Der vorliegende Kriminalroman beruht auf wahren Begebenheiten. Dem Buch liegen langwierige Recherchen der Autorin über die sogenannten „Gentlemen-Räuber" zu Grunde. Dazu nahm sie u. a. Einblick in Ermittlungsakten bei der Karlsruher Staatsanwaltschaft, sprach mit Kriminalbeamten, Betroffenen und Informanten an den unterschiedlichsten Orten im In- und Ausland. Gleichwohl handelt es sich um eine Fiktion, die zwar mit authentischen Details verwoben ist, jedoch nicht den Anspruch chronologischer Genauigkeit erfüllt. Alle im Werk auftretenden Personen sind frei erfunden oder stellen als Teil einer neuen ästhetischen Realität Typen, nicht Portraits dar. Die Protagonisten wurden verfremdet, Persönlichkeitsrechte gewahrt.
Marianne Paschkewitz-Kloß
Die
Gentlemen
Räuber
Kriminalroman
nach wahren Begebenheiten
LINDEMANNS
„Na klar könnten wir den Zug überfallen, aber wenn, ganz bestimmt nicht jetzt, sondern wenn er zurückfährt. Sundance und ich haben uns mal die Banken angesehen. Banken sind schon scheiße, aber immer noch besser
als Züge. Die muss man nicht anhalten, die stehen da,
da weiß man, da ist Geld drin."
Butch Cassidy
(im Western „Zwei Banditen · Butch Cassidy and the Sundance Kid", 1969)
Südböhmen, 12. Juli 2010
Auch in dieser Nacht hatte die Vergangenheit nichts an der Zukunft geändert. Sie hatte sich in seinem Traum nur in Erinnerung gerufen. Butch war verstört. Sein Blick verlor sich im Nirgendwo. Nicht einmal den Graureiher, der gerade mit gemächlich schwingendem Flügelschlag vor seinen Augen vorbeizog, nahm er wahr. Für gewöhnlich begrüßte er den gefräßigen Stelzvogel auf seinem morgendlichen Flug zum nahegelegenen Anglersee mit einem süffisanten: „Hey, alter Dieb!"

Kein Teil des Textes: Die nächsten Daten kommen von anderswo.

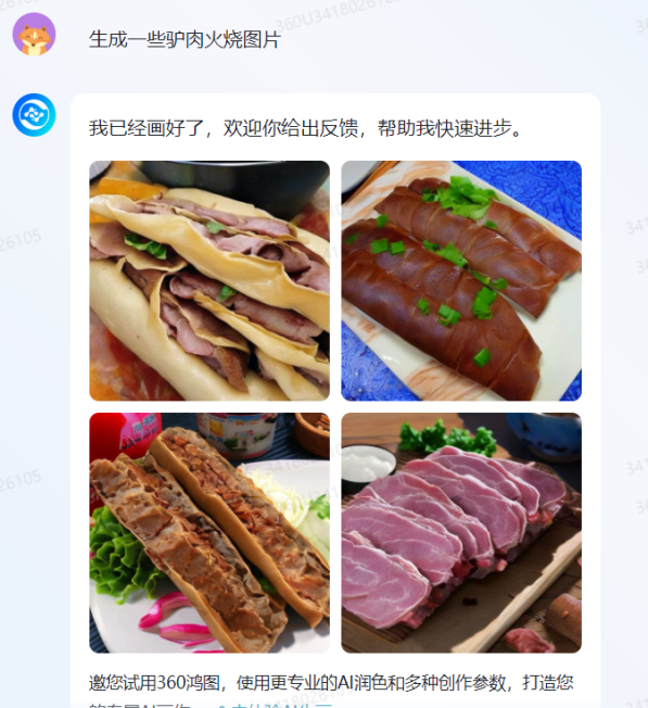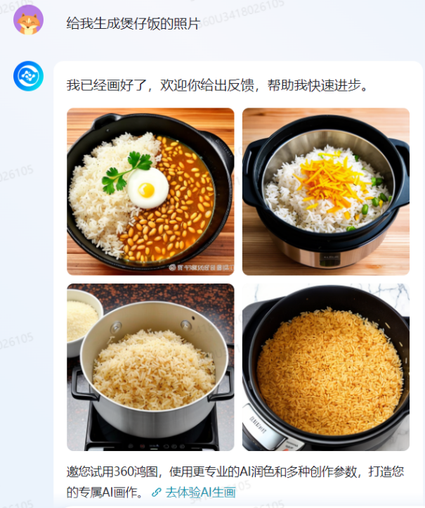 只要输入指令就可以直接让「360 智脑」生成想要的图片,我也测试了一下脑海中一联想到就很容易翻车的一些概念图,没想到答案居然都有模有样,比如下面这个驴肉火烧和煲仔饭,完全没有产生歧义联想,这在一定程度上表现了「360 智脑」与「360 鸿图」对中文语义理解的准确性。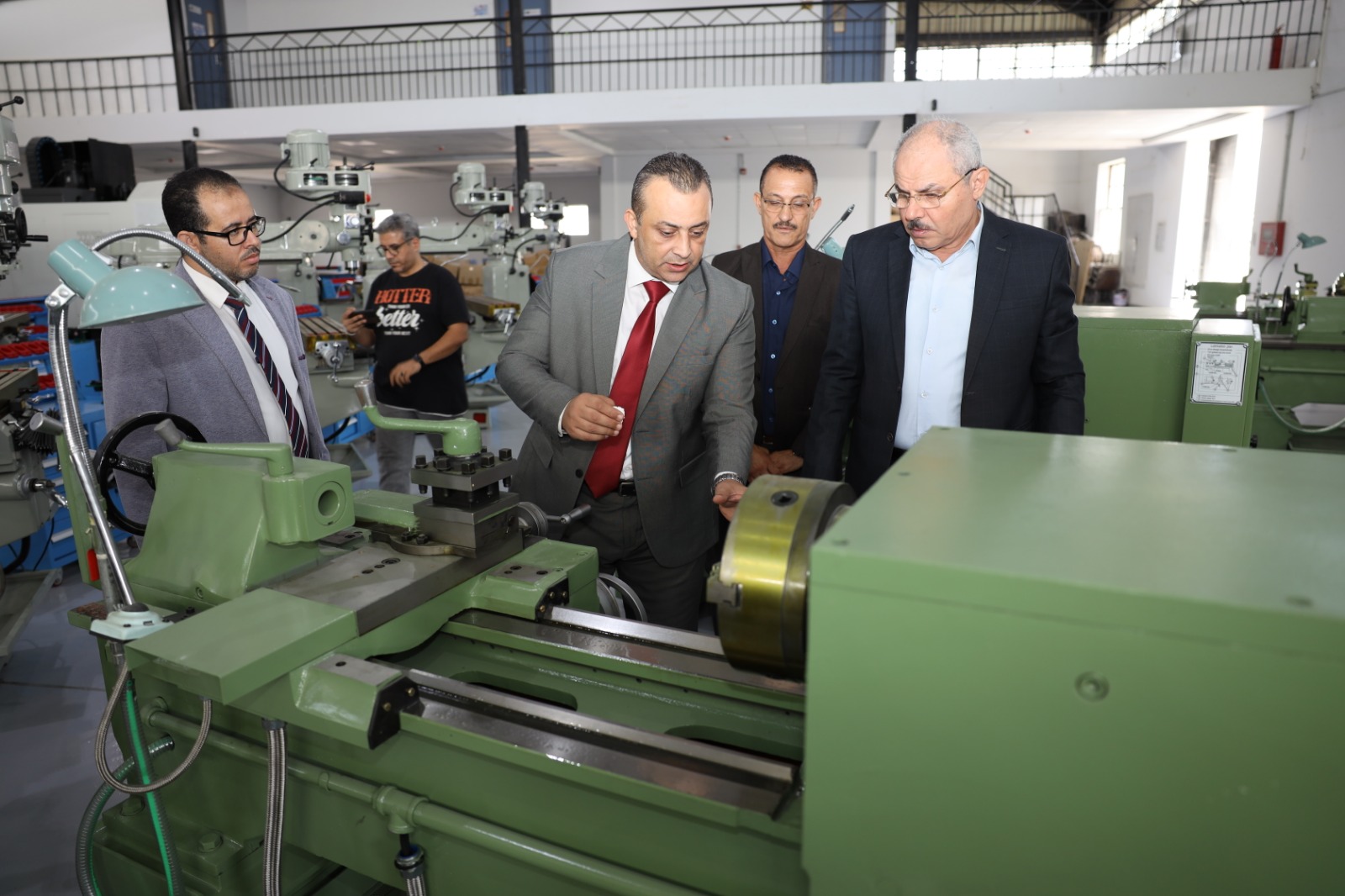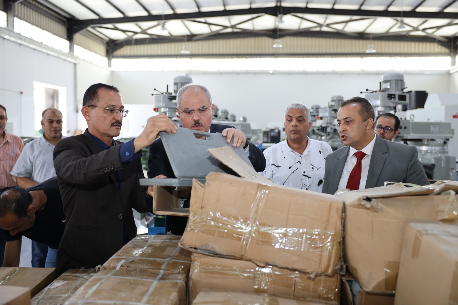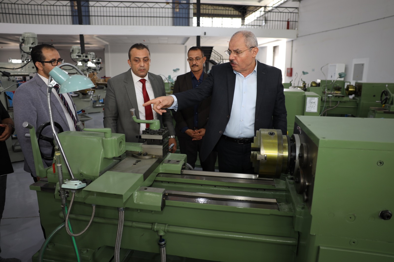 بدأ رئيس الجامعة جولته بمبنى الهنجر والورش، الذي تم تجهيزه بـ 40 ماكينة تشغيل، منها 8 ماكينات CNC للخراطة على أحدث التقنيات العالمية، و8 ماكينات CNC للتفريز، و12 ماكينة تقليدية للخراطة، و3 ماكينات تقليدية للتفريز. كما تضمن المبنى جميع المعدات والأجزاء والخامات اللازمة لعمليات التشغيل.

Butch stierte apathisch ins Leere, genauer: in ein tiefes, dunkles Loch, das ihn plötzlich aufsog und mit Wucht wieder ausspuckte in eine Wirklichkeit, die ihn erschauern ließ. Nacht für Nacht holte ihn dieser grässliche Albtraum ein, in dem er den Fußballreporter wie in einer Endlosschleife schreien hörte: „Aus! Aus! Der Traum ist aus!" Der Schlusskommentar des Reporters ging unter in einem Meer ohrenbetäubend trötender Vuvuzelas. Und all dies nach einem letzten verzweifelten Versuch Butchs, das Ruder herumzureißen, indem er Carles Puyol brutal am Trikot packte. Der spanische Abwehrchef war nicht zu halten. Schemenhaft verzerrt sah er den Ball an Puyols schwarzen Gel-Locken abprallen. Butch setzte noch zu einem Hechtsprung an – und klatschte unsanft neben Nationaltorhüter Neuer zwischen den Pfosten auf die Erde. Danach riss ihn ein stechender Schmerz aus dem Schlaf. Seit fünf Nächten nun schon führte er diesen unwirklichen Kampf.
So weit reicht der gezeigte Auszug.